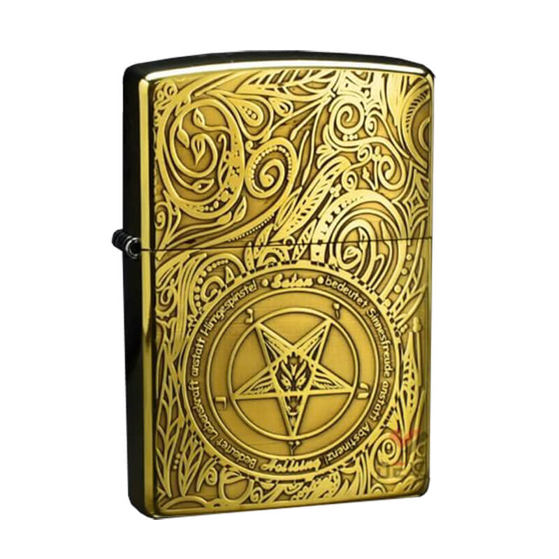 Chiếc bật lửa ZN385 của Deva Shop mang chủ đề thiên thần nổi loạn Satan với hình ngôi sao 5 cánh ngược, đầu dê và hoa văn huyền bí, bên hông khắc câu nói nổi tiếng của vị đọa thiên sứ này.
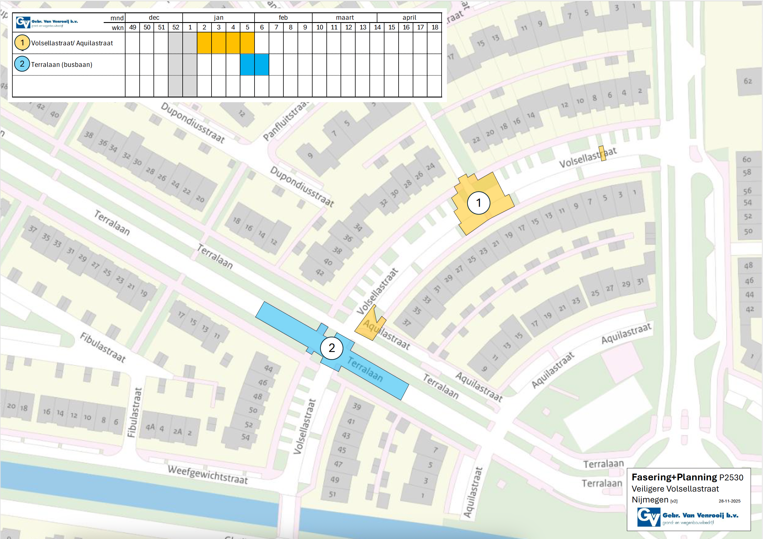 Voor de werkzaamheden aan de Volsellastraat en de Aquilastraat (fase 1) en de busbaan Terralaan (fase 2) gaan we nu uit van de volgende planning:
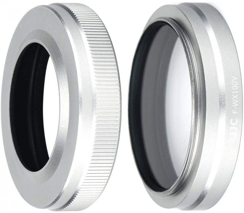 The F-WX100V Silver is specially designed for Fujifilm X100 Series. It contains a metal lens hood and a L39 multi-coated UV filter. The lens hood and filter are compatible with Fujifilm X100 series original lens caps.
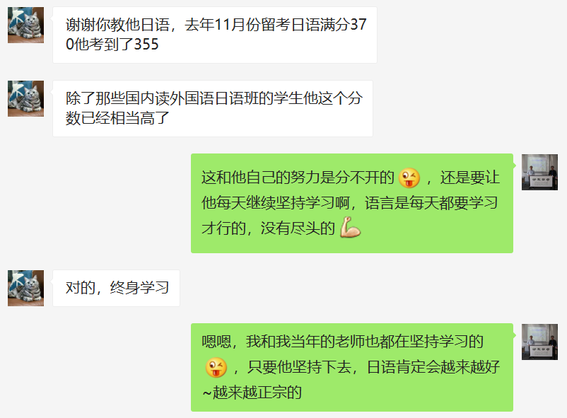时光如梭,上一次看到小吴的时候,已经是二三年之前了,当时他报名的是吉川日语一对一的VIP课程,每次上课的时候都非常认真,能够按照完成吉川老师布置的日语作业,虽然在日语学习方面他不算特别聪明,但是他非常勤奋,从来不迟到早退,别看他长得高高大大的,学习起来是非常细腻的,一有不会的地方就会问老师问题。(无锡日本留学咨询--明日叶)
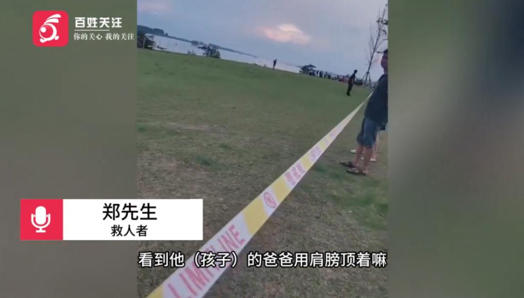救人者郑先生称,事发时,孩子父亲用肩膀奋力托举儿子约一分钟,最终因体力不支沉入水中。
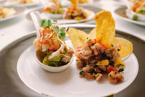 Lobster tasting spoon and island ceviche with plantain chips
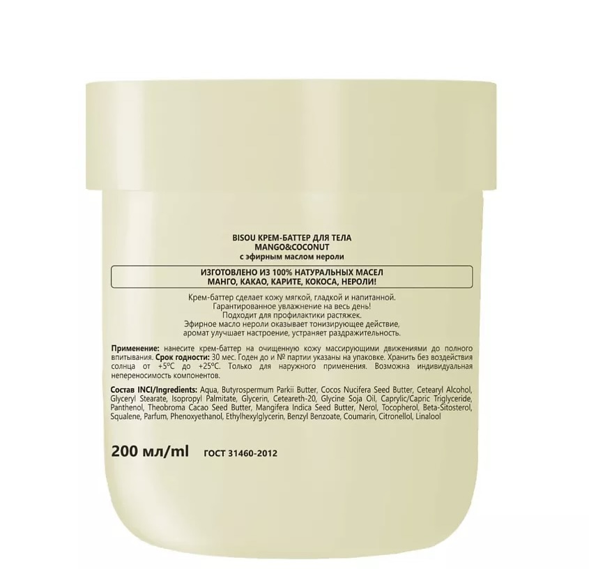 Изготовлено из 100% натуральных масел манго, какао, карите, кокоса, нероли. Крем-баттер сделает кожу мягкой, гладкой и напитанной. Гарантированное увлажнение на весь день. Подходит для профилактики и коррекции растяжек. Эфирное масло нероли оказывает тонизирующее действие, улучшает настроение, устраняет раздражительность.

Exercise: From the first line of the records through the line with "Voor de werkzaamheden", reproduce each line exactly and leave the pictures out.

Solution for this exercise:
 Chiếc bật lửa ZN385 của Deva Shop mang chủ đề thiên thần nổi loạn Satan với hình ngôi sao 5 cánh ngược, đầu dê và hoa văn huyền bí, bên hông khắc câu nói nổi tiếng của vị đọa thiên sứ này.
 Voor de werkzaamheden aan de Volsellastraat en de Aquilastraat (fase 1) en de busbaan Terralaan (fase 2) gaan we nu uit van de volgende planning:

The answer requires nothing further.